Faris Yakob delves into the WARC Effective 100 to discuss the ways brands are innovating in the face of increasing advertising volumes and decreasing consumer trust.

When outgoing CMO of Unilver Keith Weed made his swan song speech at Global Marketer’s Week, focused on the 7 deadly sins of advertising - the causes, he believes, of 37% of people saying their trust in it has declined. At the 4As Decisions 20/20 Event, the global CEO of Initiative Media Mat Baxter made the same point: “I think the single most important issue in the industry is that it’s got to get back trust.”

Most startlingly, the IPSOS Veracity Index has a new contender for absolute bottom: advertising professionals. In assumed truthfulness, we come in lower than politicians which, considering the current political situation globally, really has to sting.

There are many reasons for this fall from grace. Trust in all institutions has been falling for years, but advertising has been hit the hardest so the general trend does little to explain it away. Advertising’s role funding content, be it on mainstream or social media, means the industry has become entangled with fake news, whatever people believe that to be. Criminal trust violations from big advertisers like VW and Wells Fargo have demonstrated that their advertising lied. Billy McFarland, Ja Rule, and ‘Fuck Jerry’ (a social media marketing company) convinced more than 5,000 people to buy tickets to Fyre Festival, an event which never actually existed.

At the same time, the volume of advertising continues to creep up in line with media consumption. In face of this ever-increasing onslaught, coupled with increasing use of ad blockers, should we be concerned this will lead to lower efficacy of advertising overall? I am skeptical of any new brand I see advertised exclusively on social media. The environment itself has become suspect.

As BBH’s Tom Roach pointed out recently, “sameness is commercial suicide” because difference is what triggers attention and memory. That sameness could be understood to refer to content or form. So what different things are working?

The WARC Effectiveness 100 “tracks the performance of campaigns, brands and agencies in advertising effectiveness competitions around the world.” It suggests that the most effective ads, all over the world, don’t look like ads.

The top two campaigns came from India. Whilst the market has some specific dynamics - an emerging middle class and the world’s fastest growing economy - what is working hardest there is still fascinating.

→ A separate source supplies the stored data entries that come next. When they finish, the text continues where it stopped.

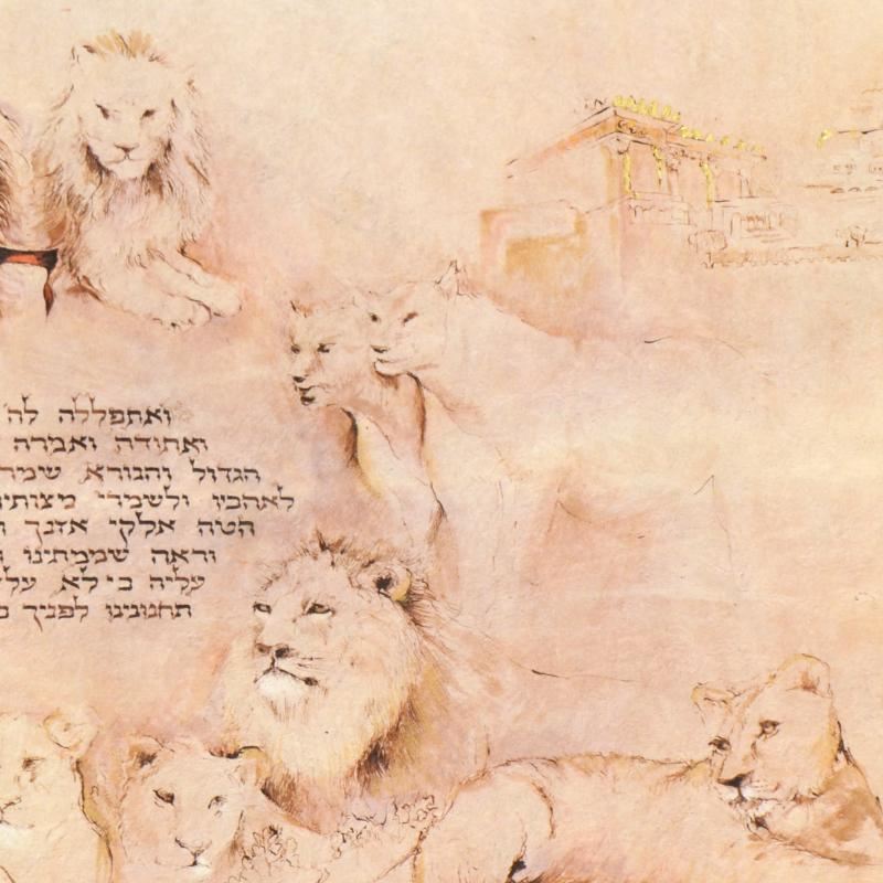 "Daniel's Prayer" is a mixed media giclee on handmade Indian paper with goldleaf by Brachi Horen, hand signed by the artist! This creation received personal attention by the artist in the form of water coloring and gilding. Includes Certificate of Authenticity! Measures approx. 23" x 15.5" (with border), 19" x 13" (image).
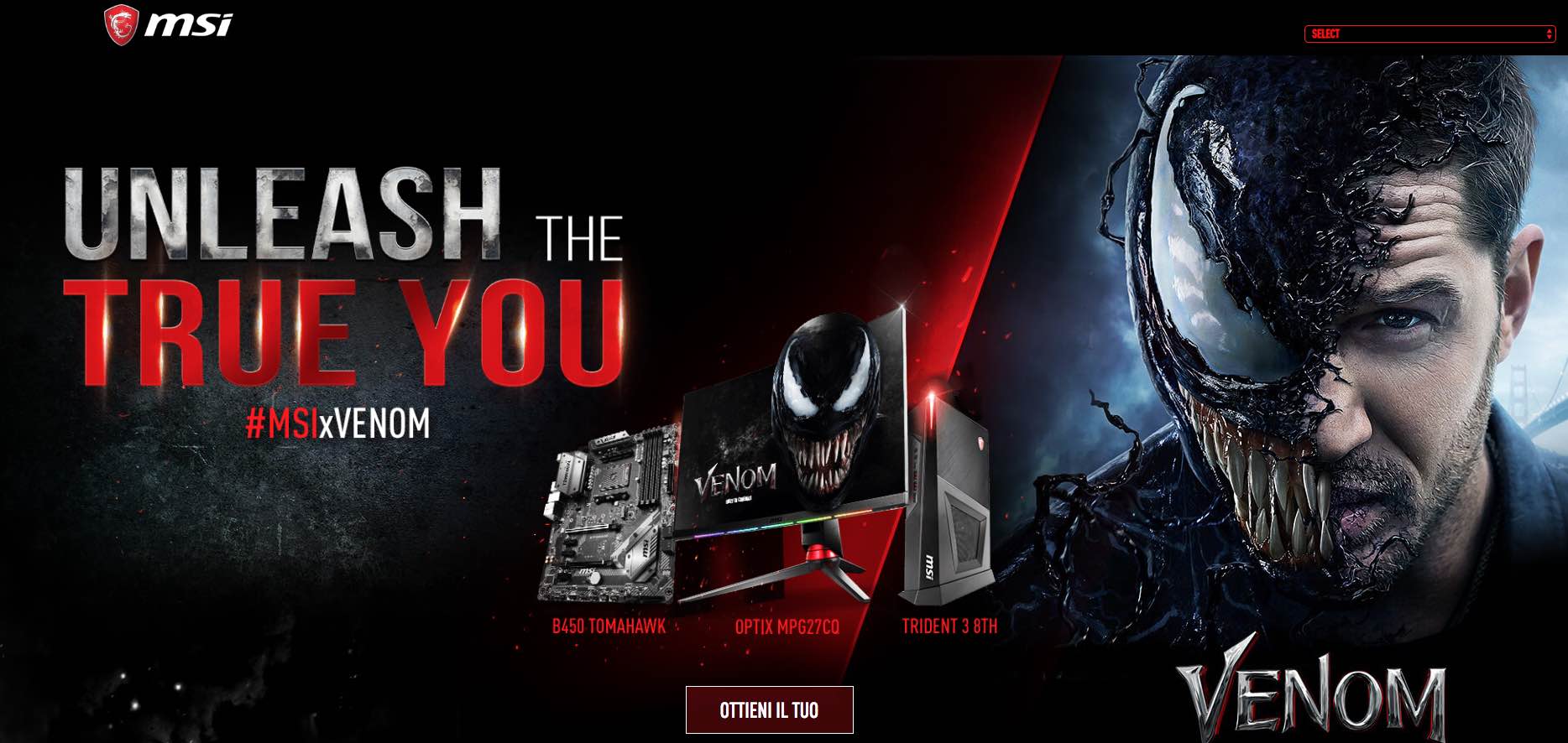 In occasione dell'arrivo dell'enigmatico personaggio di Marvel Comics sul grande schermo, MSI ha collaborato con Sony Pictures per 'Venom', il film diretto da Ruben Fleischer e con protagonista Tom Hardy,
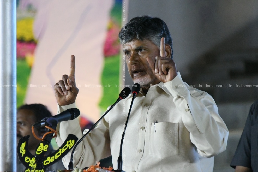 Mandya Andhra Pradesh Chief Minister N. Chandrababu Naidu addresses during a programme in Mandya on April 15 2019. Photo IANS
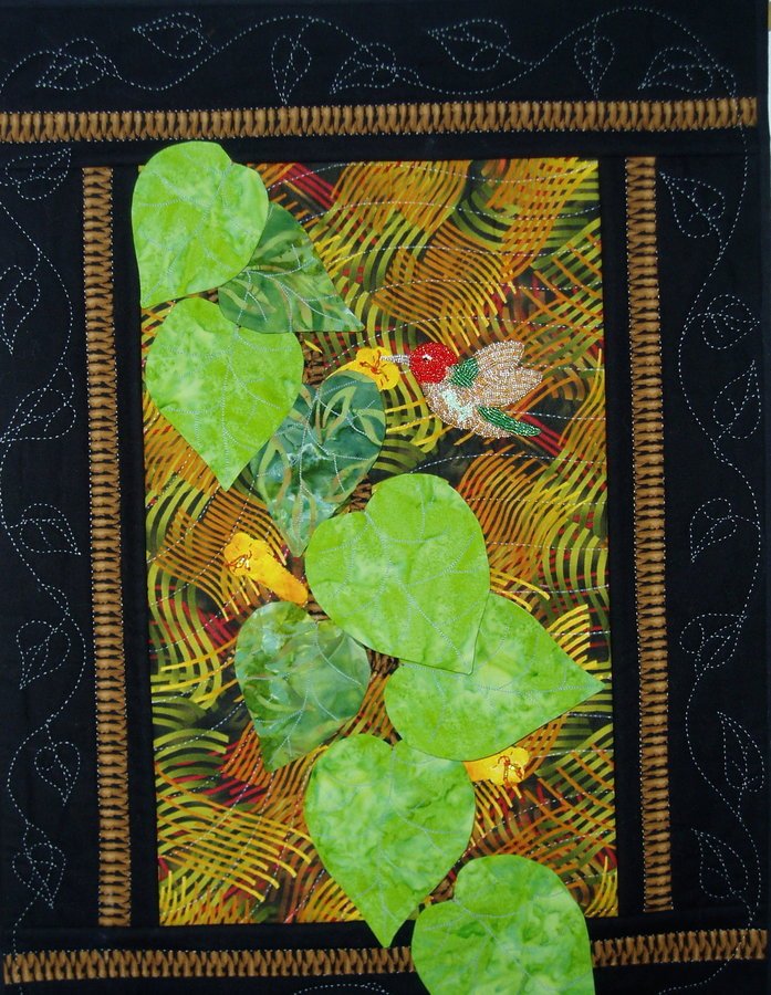 MLAbbey Hummingbird Jungle - A beaded Anna's hummingbird is attracted to yellow flowers with beaded centers on a vine with 3-D leaves.

The most effective advertising campaign was rooted in the real. The agency was asked for a campaign to help Saregama, a classic Indian record label, return to growth. It was having trouble selling music to young people on mobile devices. The agency came back with a new audience - the over 50 market who already loved the music and were uncomfortable with new technology - and a new product. Caravvaan is a retro-chic music box, pre-loaded with 5,000 of the classic songs. In the first 11 months, Saregama sold 389,000 units of Carvaan, at an approximate price of $100, creating total incremental revenue of $38.9 million and an increase in net profits of almost 300%.

The second most effective idea was Savlon Soap Sticks. Instead of competing with the established brands huge budgets in the fast-growing hand wash category, the agency developed a new product. Children in rural areas still use chalk in the classroom, so a way of incorporating soap into chalk sticks meant that children were washing their hands with soap without any new behavior, and the seeding strategy got the sachet product into retail distribution across the country. Outside of India, a significant number of the most effective ideas exist out in the real world.

Operating in the real world

If you don’t trust ads, which live trapped in media, a way for brands to overcome this is by making real things. Melbourne University turned a number of small outdoor poster formats into an interactive 3D exhibition. The Fearless Girl statue seems to have triggered a craze. In the UK, the charity Calm had 34% more people reaching out after it installed 84 sculptures of men on top of a tower, to raise awareness of the number of men who die from suicide every day. The Grand Prix at the Euro Effies was a Mud Solider that slowly melted in the rain to promote “Visit Flanders UK and Ireland.” Mastercard devised a competition to choose where rugby legend Richie McCaw played his last game, based on how much the local regions in New Zealand used their contactless solution to buy things in a limited amount of time. In a significant departure from recent years, none of the top 100 most effective ideas had social media at their heart - few even mentioned it.

These ideas often leverage media coverage to reach mass audiences, which means they have to be ideas worth talking about. But operating in the real world doesn’t have to be a PR generating product or installation or statue. We have traditional media at our disposal outside of that consumed on screens. The data supports this: outdoor advertising, for example, over-indexes in the Effective 100 vs the ‘average’ campaign.

Mark Tutssel, CCO of Leo Burnett, recently said “We are not an advertising agency: we are a creative solutions company,” a sentiment echoed by many agencies around the world. If the industry is to live up to this re-positioning, it will need more ideas that solve problems differently, outside of advertisements. But agencies need to be honest about what they can truly deliver, before claiming it. Otherwise we are back to a different aspect of the trust problem. Keith Weed pointed out that “A brand without trust is just a product. Advertising without trust is just noise” - and an agency without trust is just begging to be replaced.